What this task involves: Your copy must hold every line of the records word for word. It must hold no pictures.
### Excerpted data
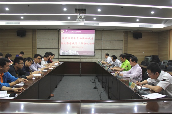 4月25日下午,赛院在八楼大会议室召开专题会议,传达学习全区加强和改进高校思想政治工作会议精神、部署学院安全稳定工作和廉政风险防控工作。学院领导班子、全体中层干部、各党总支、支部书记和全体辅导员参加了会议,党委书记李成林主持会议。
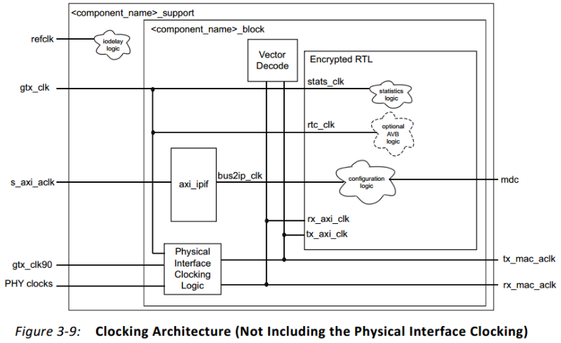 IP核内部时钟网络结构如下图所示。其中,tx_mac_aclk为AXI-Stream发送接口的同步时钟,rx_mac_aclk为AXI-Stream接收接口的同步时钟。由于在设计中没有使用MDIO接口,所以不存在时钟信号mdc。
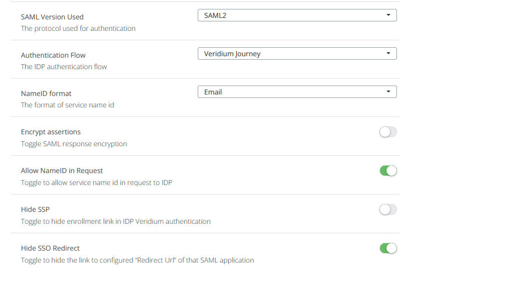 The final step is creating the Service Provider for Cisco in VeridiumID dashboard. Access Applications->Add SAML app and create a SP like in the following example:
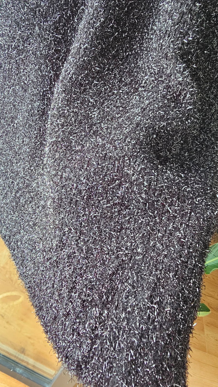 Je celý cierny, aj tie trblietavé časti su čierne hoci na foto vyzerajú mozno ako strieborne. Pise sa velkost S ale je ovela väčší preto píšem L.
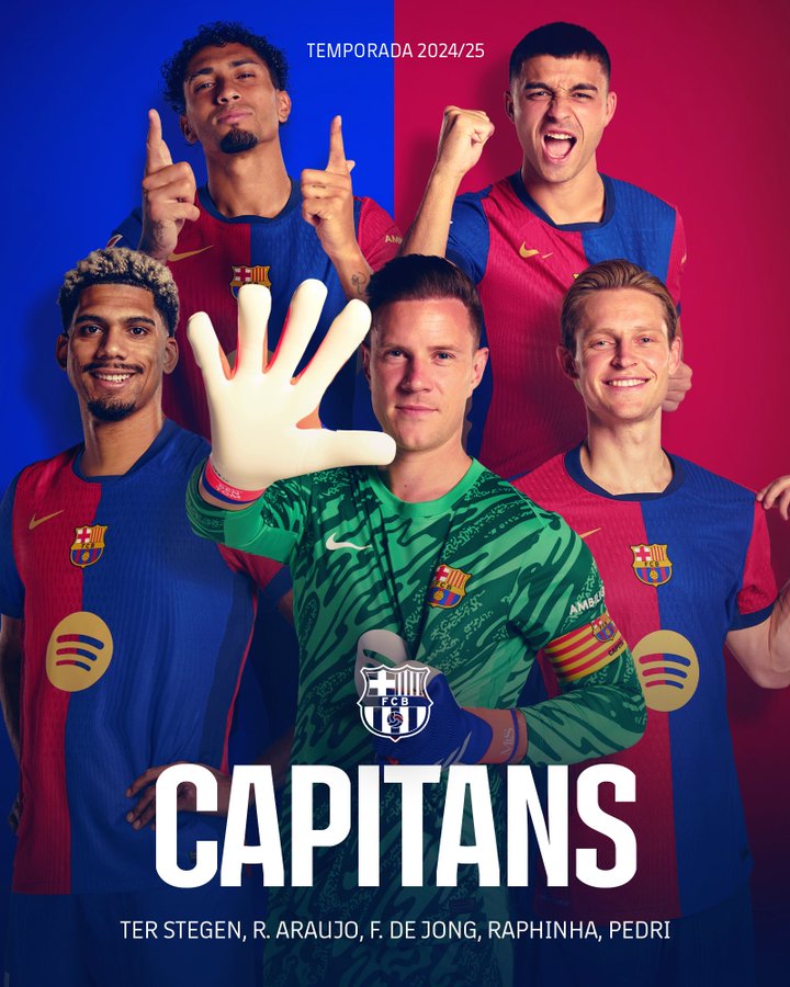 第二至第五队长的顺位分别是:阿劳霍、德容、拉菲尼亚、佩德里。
######
Task output:
 4月25日下午,赛院在八楼大会议室召开专题会议,传达学习全区加强和改进高校思想政治工作会议精神、部署学院安全稳定工作和廉政风险防控工作。学院领导班子、全体中层干部、各党总支、支部书记和全体辅导员参加了会议,党委书记李成林主持会议。
 IP核内部时钟网络结构如下图所示。其中,tx_mac_aclk为AXI-Stream发送接口的同步时钟,rx_mac_aclk为AXI-Stream接收接口的同步时钟。由于在设计中没有使用MDIO接口,所以不存在时钟信号mdc。
 The final step is creating the Service Provider for Cisco in VeridiumID dashboard. Access Applications->Add SAML app and create a SP like in the following example:
 Je celý cierny, aj tie trblietavé časti su čierne hoci na foto vyzerajú mozno ako strieborne. Pise sa velkost S ale je ovela väčší preto píšem L.
 第二至第五队长的顺位分别是:阿劳霍、德容、拉菲尼亚、佩德里。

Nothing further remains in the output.